# Material supplied:
◆ ◆ ◆

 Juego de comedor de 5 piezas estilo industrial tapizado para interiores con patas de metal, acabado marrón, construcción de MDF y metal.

◆ ◆ ◆

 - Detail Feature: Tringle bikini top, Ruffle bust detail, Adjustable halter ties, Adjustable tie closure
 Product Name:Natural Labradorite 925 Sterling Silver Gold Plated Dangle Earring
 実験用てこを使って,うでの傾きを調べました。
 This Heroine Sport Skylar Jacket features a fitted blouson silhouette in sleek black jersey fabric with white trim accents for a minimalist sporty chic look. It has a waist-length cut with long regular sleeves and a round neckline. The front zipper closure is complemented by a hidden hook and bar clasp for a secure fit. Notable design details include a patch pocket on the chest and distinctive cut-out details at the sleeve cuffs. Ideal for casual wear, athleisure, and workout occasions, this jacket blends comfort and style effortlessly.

◆ ◆ ◆

# Work instruction:
Going back over the entries above, copy word for word every line from the one that has "実験用てこを使って,うでの傾きを調べました。" on through the one that has "This Heroine Sport".

# Answer section:
 実験用てこを使って,うでの傾きを調べました。
 This Heroine Sport Skylar Jacket features a fitted blouson silhouette in sleek black jersey fabric with white trim accents for a minimalist sporty chic look. It has a waist-length cut with long regular sleeves and a round neckline. The front zipper closure is complemented by a hidden hook and bar clasp for a secure fit. Notable design details include a patch pocket on the chest and distinctive cut-out details at the sleeve cuffs. Ideal for casual wear, athleisure, and workout occasions, this jacket blends comfort and style effortlessly.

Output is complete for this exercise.